M. Mandelson ne se trompe point sur la portée d’une telle initiative sur les producteurs africains de coton. «Le résultat sera que les agriculteurs européens produiront moins de coton. L’opportunité pour l’Afrique de l’Ouest de vendre plus de coton en Europe sera augmentée», a-t-il commenté.

Le coton produit en Europe ne représente que 2 % de la production mondiale, mais l’Union Européenne est un importateur net de coton. C’est même l’un des plus grands importateurs de coton. En 2002, 31 % de ses importations provenaient de l’Afrique de l’Ouest et du Centre.

Le coton est un cas exemplaire de relations commerciales inégales. Un nombre restreint de producteurs, soutenus par des subventions dans les pays riches, menace l’unique «gagne pain» de 15 millions de paysans démunis des pays de l’Afrique de l’Ouest et du Centre. «Les Etats-Unis, et dans une moindre mesure l’UE et la Chine, donnent une aide gouvernementale directe à leurs producteurs de coton.

La Banque mondiale estime que ces politiques de soutien réduisent le prix mondial de quelque 10 à 15 %. Et, à présent, nous assistons probablement à la chute la plus forte de ces prix en termes absolu depuis 1985», a déclaré le Commissaire européen au commerce.

Le coton africain n’est plus rentable face à ses concurrents subventionnés, bien qu’il soit de haute qualité et produit a des coûts inférieurs de moitié. Selon le CICC (Comité consultatif international du coton), les subventions se sont élevées à 5,8 milliards de dollars en 2002.

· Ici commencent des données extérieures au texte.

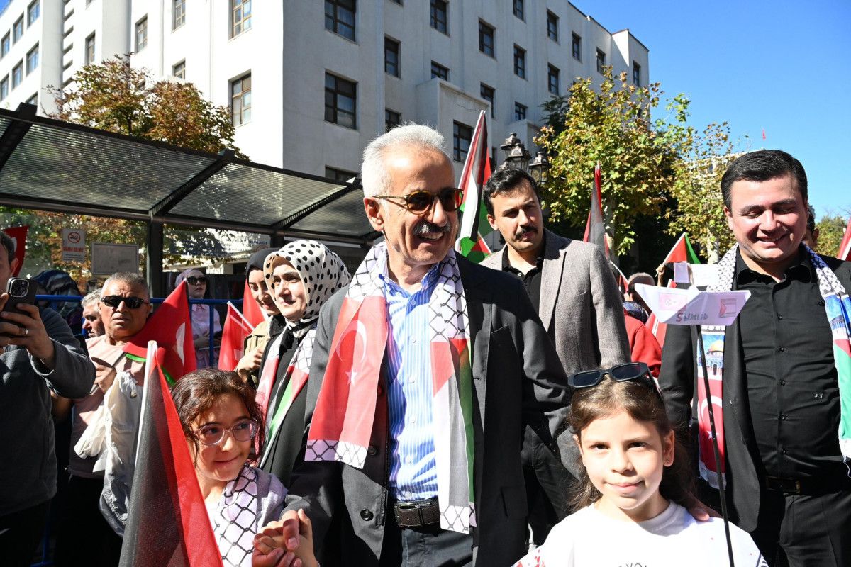 Ulaştırma ve Altyapı Bakanı Abdulkadir Uraloğlu, Ankara Filistin Dayanışma Platformu (ANFİDAP) üyeleri tarafından düzenlenen ‘Gazze Kararlılık Yürüyüşü’ne katıldı.

Il s’agit principalement de deux régions fortement développées : les Etats-Unis (3,3 milliards) et l’Union Européenne (1 milliard). On compte environ 10.000 producteurs en Espagne, 25.000 aux Etats-Unis et 90.000 en Grèce contre 15 millions en Afrique.

Alors qu’il ne constitue qu’une part mineure de l’activité économique des pays riches, le coton joue un rôle essentiel dans la réduction de la pauvreté des pays africains. Il constitue actuellement 30 à 40 % des recettes d’exportations de ces pays.

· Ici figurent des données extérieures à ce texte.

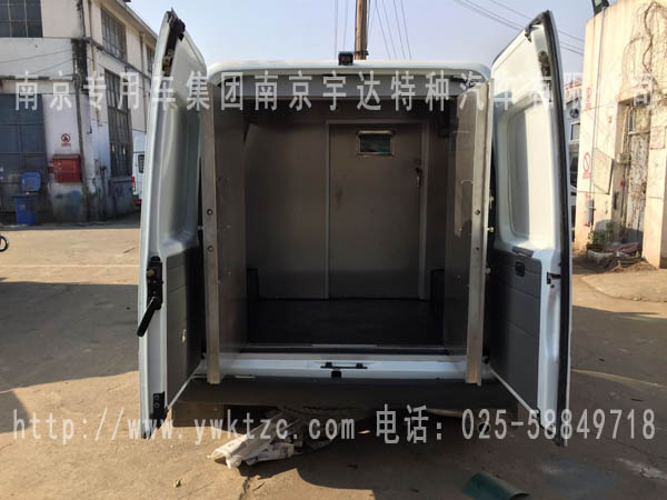 该车选用江铃经典全顺短轴中顶这款车进行改装,整车整体为白,下保险杠为深蓝颜色,喷押运警示标识,原车的空调系统、多媒体播放系统,原中侧拉门改为中推拉门并配备中控门锁,2+1三人押运员座椅,第三座椅可翻折,两点式安全带,驾驶舱电动升降射击口兼票据传递口,押运舱暗藏式射击口,手动通风逃生天窗,中隔断带滑动式隔离门,无锌花镀锌板钞箱内板,两侧内板瓦楞状,花纹钢板轮罩,运钞舱花纹钢板地板,双层双开钞箱后门使得整个过程中更安全,钞箱后门多项锁,车尾后踏板,可切换双镜头彩色监控系统(倒车以及运钞舱监控图像)半球监控摄像头,前防护保险杠,警报器,整车押运车及驾驶舱全为防弹,达到国家防弹A级标准。

Il y a quelques années le coton assurait plus de 50 % des rentrées de devises.
Pour Peter Mandelson, le problème des subventions n’est pas de l’injustice gratuite. «Les problèmes que vous avez ne sont pas le résultat d’un calcul délibéré.

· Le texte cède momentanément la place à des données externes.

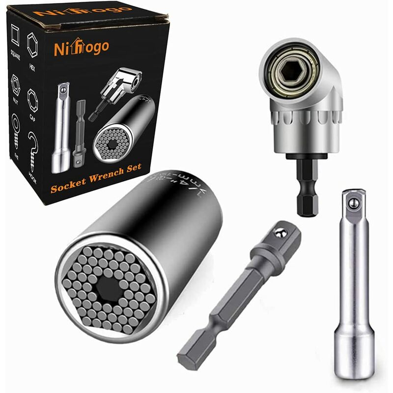 Kit universale - 1 chiave a tubo, 2 diversi tipi di collegamenti, cacciavite con prolunga ad angolo retto da 105 gradi. Un set di strumenti per soddisfare le diverse esigenze. 【Acciaio al cromo vanadio】 La chiave a bussola è realizzata in acciaio al cromo vanadio di alta qualità ed è composta da 54 piccole barre d'acciaio. Ha buone proprietà di trattamento termico, elevata durezza, coppia elevata, buona tenacità e lunga vita. 【Efficiente】 Questo elegante set di chiavi a bussola funziona rapidamente e facilmente ed è una cassetta degli attrezzi per quasi tutti gli errori. Sostituire le chiavi a bussola metriche e standard. 【Multi-angolo】 La chiave angolare da 105° è uno strumento ideale per le aree difficili da raggiungere. Regolazione parallela a 360°. Può essere collegato a trapani manuali e chiavi manuali. 【Una vasta gamma di applicazioni】Adatto per l'industria automobilistica, la riparazione della casa, la produzione, l'edilizia e altri settori, ma anche per la decorazione d'interni.

Ils sont la conséquence intentionnée de l’action des gouvernements des parties riches du monde pour défendre ce qu’ils croient être les intérêts légitimes de leur population. Ils peuvent avoir tort, mais ce ne sont pas des actes délibérément injustes», a-t-il affirmé.

Selon lui, seul le dialogue et la persuasion pacifique peuvent résoudre le problème.
Peter Mandelson est convaincu que l’Europe ne peut pas appeler à une action du reste du monde si elle même ne met pas de l’ordre dans sa maison. Les 65 % de subventions de l’UE qui ne seront plus liés à la quantité de la production des cotonculteurs est une initiative dans ce sens.

Et depuis le forum Europe-Afrique sur le coton, tenu à Paris en juillet dernier, la Commission européenne a accordé des ressources additionnelles de 310 millions d’Euros pour la programmation au développement des quatre pays à l’origine de l’initiative coton (Bénin, Burkina Faso, Mali, Tchad).

En plus l’UE va mettre en place un programme international de renforcement des capacités pour les produits de bases agricoles, doté d’un budget de 45 millions d’Euros, avec 15 millions d’euros spécifiquement pour le coton.

Choguel Maïga, Ministre de l’Industrie et du Commerce, s’est réjoui de l’annonce faite par le Commissaire européen. Pour lui, cette initiative donne de l’espoir aux Africains car l’UE est entrain d’aller vers des actes concrets après les déclarations d’intention.

Outre Mme Irène Horejs, chef de la délégation de la Commission européenne au Mali, la conférence s’est déroulée en présence du Ministre de la Promotion des Investissements, Ousmane Thiam, du Ministre de l’Agriculture, Seydou Traoré, du personnel de la direction de la CMDT et des représentants des producteurs.